Les valeurs de référence varient selon les laboratoires. On retient généralement un seuil inférieur à 55 UI/L chez l’homme et inférieur à 38 UI/L chez la femme. Ces seuils ne sont pas absolus : une valeur légèrement au-dessus chez une personne sous traitement antiépileptique n’a pas la même signification qu’une valeur trois fois supérieure à la normale chez un patient sans médicament.

L’interprétation repose sur le croisement avec d’autres marqueurs du bilan hépatique :

  • GGT élevée + ALAT/ASAT normales : orientation métabolique ou médicamenteuse en priorité
  • GGT élevée + phosphatases alcalines élevées : suspicion de cholestase, exploration des voies biliaires nécessaire
  • GGT élevée + transaminases élevées : atteinte hépatique active à explorer sans délai (hépatite, toxicité médicamenteuse sévère, alcool)
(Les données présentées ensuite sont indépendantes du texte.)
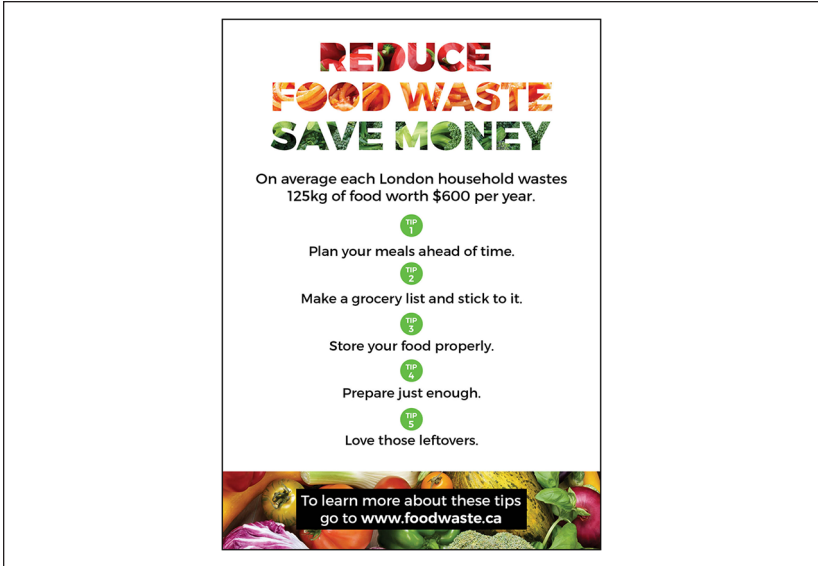
Figure 2. Postcard/fridge magnet included in intervention package.

not alerted to the specific day of the collection of these samples. Sample (i.e., bags of garbage) collection started at 7:00 a.m. in the morning and concluded by 8:30 a.m. each day. Samples were labeled, per household address, so that they could be identified after unloading. The number of recycling containers set out at the curb, by household, was also counted.

Un dosage unique ne suffit jamais à poser un diagnostic. Le médecin demande généralement un contrôle à distance, idéalement après suppression d’un facteur identifié (arrêt d’un médicament suspect, modification alimentaire), pour évaluer la tendance.

Une gamma glutamyl transférase élevée sans autre anomalie biologique visible traduit le plus souvent un foie sollicité par un excès métabolique silencieux ou un médicament inducteur, bien avant qu’une maladie hépatique ne devienne symptomatique. Le réflexe le plus utile reste de vérifier la liste des traitements en cours et de faire évaluer les paramètres du syndrome métabolique (tour de taille, glycémie à jeun, triglycérides) lors de la consultation de suivi.